Это было слишком слабо, чтобы быть убедительным. К концу 90-х Лиотар нашел более приемлемый выход из этого затруднения. Еще раньше он стал описывать капитализм как феномен, который не является общественно-экономическим по преимуществу. «Капитализм, строго говоря, является фигурой. Как система он имеет главный свой источник не в рабочей силе, но в самой энергии, физике (система не изолирована). Как фигура капитализм черпает силу из идеи бесконечности. Он может проявляться в человеческом существовании как желание денег, желание власти или желание новизны. Все это может выглядеть очень гадко, очень тревожно. Но эти желания — антропологическая трансляция чего-то такого, что онтологически является „конкретизацией“ бесконечности воли. Эта „конкретизация“ имеет место безотносительно социальных классов. Социальные классы — это нерелевантные онтологические категории»32. Эта замена истории онтологией была лишь промежуточной остановкой: через несколько лет Лиотар перешел к астрофизике.

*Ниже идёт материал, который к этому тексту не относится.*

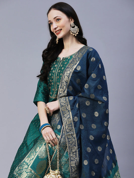 Solid Zari Jacquard Sequins & Zari Embroidered Kurta With Zari Jacquard Dupatta - Green
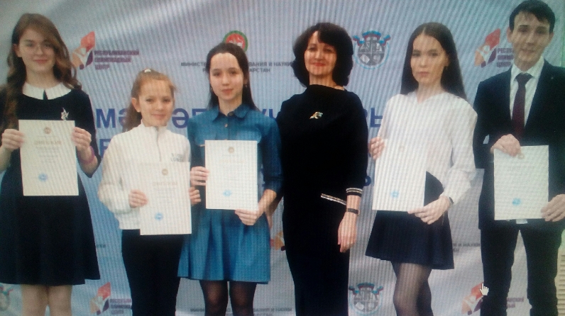 Совет (Сәгъдиева Раилә, 175нче урта гомуми белем бирү мәктәбенең 7 сыйныф укучысы, Яңа Савин (11]) Минһаҗев Айнур, 179нчы Гимназия-мәгариф үзәге «нең 8 сыйныф укучысы, Совет (Таҗиева Әминә, 121 нче лицейның 9 сыйныф укучысы җиңүче булды.С. А. Әхтәмова), Кайбыч (Абдрахманова Айзилә, Евгений Геннадиевич Тутаев исемендәге Федоровка урта гомуми белем бирү мәктәбенең 10 сыйныф укучысы; Арча (Мостафина Камилә, Арчаның 6нчы урта гомуми белем бирү мәктәбенең 10 сыйныф укучысы»); Ганиева Наилә, Кукмара ш.т. б. Булатов исемендәге күппрофильле лицейның 11 сыйныф укучысы.
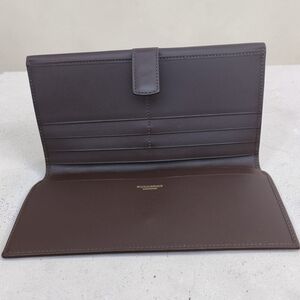 Burberry Haymarket Nova Check Bifold Wallet Brown Leather Gold Buckle Italy
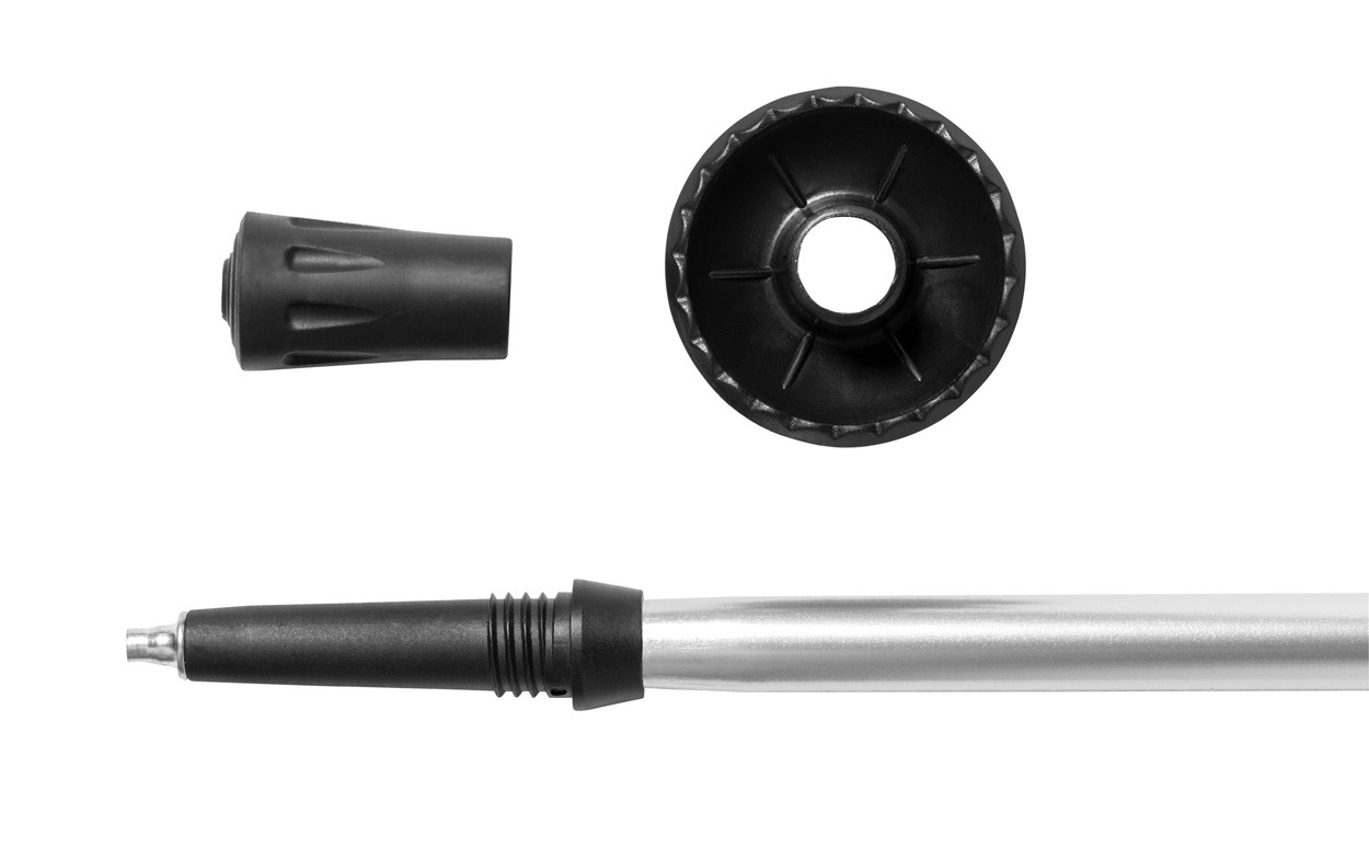 Telescopic nordic walking stick with aluminium body, ergonomic natural cork grip, wrist strap and anti-shock system. With snow basket in non-woven carry bag.
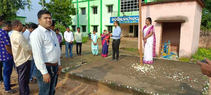 ଶାସକ ପ୍ରଶାସକ ରୁ ଗୁରୁ ଶଙ୍କର ପାଇକ -ବଲାଙ୍ଗୀର ଜିଲ୍ଲା ଆଗଲପୁର ତହସିଲ ତଥା ବ୍ଲକ ଅଂଚଳର ପ୍ରାୟ ସମସ୍ତ ସରକାରୀ ଅନୁଷ୍ଠାନରେ 77ତମ ସ୍ବାଧୀନତା ଦିବସ ପାଳିତ ହୋଇଯାଇଛି | ଆଗଲପୁର ତହସିଲ କାର୍ଯ୍ୟାଳୟ ରେ ତହସିଲଦାର ସୁଶ୍ରୀ ସରୋଜା ବେହେରା ଜାତୀୟ ପତଳା ଉତ୍ତୋଳନ କରି ସ୍ବାଧୀନତା ଦିବସର ମହତ୍ୱ ଉପରେ ଆଲୋକପାତ କରିଥିଲେ | ପୂର୍ବସୁରୀଙ୍କ ଅସୀମ ତ୍ୟାଗ ଓ ବଳିଦାନ ଦ୍ୱାରା ମିଳିଥିବା ଏହି ସ୍ୱାଧୀନତା ଯେପରି ବ୍ୟର୍ଥ ବା ନିରର୍ଥକ ନହୁଏ ସେଥିପାଇଁ ଆମ ସମସ୍ତଙ୍କୁ ସମର୍ପିତ ମାନସିକତା ନେଇ ସମ୍ମିଳିତ ଉଦ୍ୟମ କରିବାକୁ ପଡିବ ବୋଲି ତହସିଲଦାର ସୁଶ୍ରୀ ବେହେରା ଆହ୍ବାନ ଜଣାଇଥିଲେ | ଏହି ଅବସରରେ କାର୍ଯ୍ୟଳୟ ର ସମସ୍ତ କର୍ମଚାରୀ ତଥା ଅନ୍ୟମାନେ ଉପସ୍ଥିତ ଥିଲେ |
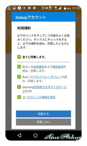 スマホと完全に連携を行なうには、Galaxyアカウントを作成しログインしないといけません。
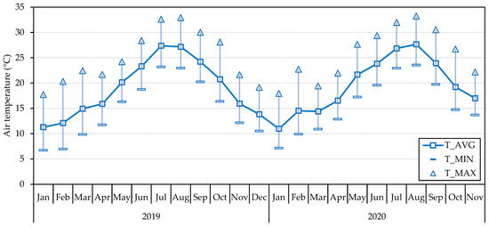 We can also plot the annual temperature variations by gathering data from various months. Figure 13 shows the monthly maximum, minimum, and average air temperature calculated from the daily averages from HSM3 from January 2020 to November 2021.

«Триумф капитализма над конкурирующими системами, — утверждал он теперь, — стал результатом естественного отбора, который предшествовал самой человеческой жизни». В неизмеримых пространствах космоса, где все тела подвержены энтропии, оригинальный шанс — «случайная комбинация форм энергии» — обусловил возникновение на крохотной планете рудиментарных живых систем. Поскольку внешняя энергия была ограниченной, они были вынуждены конкурировать друг с другом в постоянно приносящем неожиданности процессе эволюции. В конце концов по прошествии миллионов лет человеческий вид стал способен использовать речь и орудия; затем «появились различные невероятные формы объединения людей, которые проходили отбор сообразно их способности находить, захватывать и сохранять источники энергии». В течение последующих тысячелетий, отмеченных неолитической и индустриальной революциями, «системы, называемые либеральными демократиями» показали себя наилучшими в решении этой задачи, победив коммунистических и исламистских конкурентов и смягчив экологические проблемы. «Судя по всему, ничто не может остановить развитие этой системы, кроме разве что неминуемого угасания Солнца. Но, чтобы встретить этот вызов, система уже начала разрабатывать необходимые заменители, которые позволят ей выжить даже после исчезновения источника солнечной энергии»33. Все современные научные исследования в конечном счете проводятся ради исхода, через четыре миллиарда лет, измененного человеческого вида с Земли.

Впервые представив набросок этой теории, Лиотар определил ее как «новую декорацию»34. Обращение к языку сценографии устраняло любой намек на нарратив — даже ценой непреднамеренного предположения о стилизации постмодерна, в ином случае наиболее нежелательного. Но после завершения теории Лиотар представил ее как «неявный сон, который постмодерн видит о самом себе», «миф постмодерна». «Однако, — настаивал он, — миф реалистичен, поскольку он рассказывает историю о силе, которая создает, уничтожает и изменяет реальность». Этот миф изображает конфликт между двумя энергетическими процессами. «Один ведет к разрушению всех систем, всех тел, живых и неживых, на нашей планете и в солнечной системе. Но в рамках этого процесса энтропии, который необходим и постоянен, другой процесс, который случаен и непостоянен (по крайней мере, в течение длительного времени), действует в противоположном ключе, повышая дифференциацию своих систем. Это движение не может остановить первый процесс (по крайней мере, если не найдется способа „перезарядить“ Солнце), но может избежать катастрофы за счет исхода из своей космической обители». Таким образом, предельным двигателем капитализма является не жажда наживы или какое-нибудь человеческое желание: он развивается скорее как отрицательная энтропия. «Развитие — это не изобретение человеческих существ. Человеческие существа — это изобретение развития»35.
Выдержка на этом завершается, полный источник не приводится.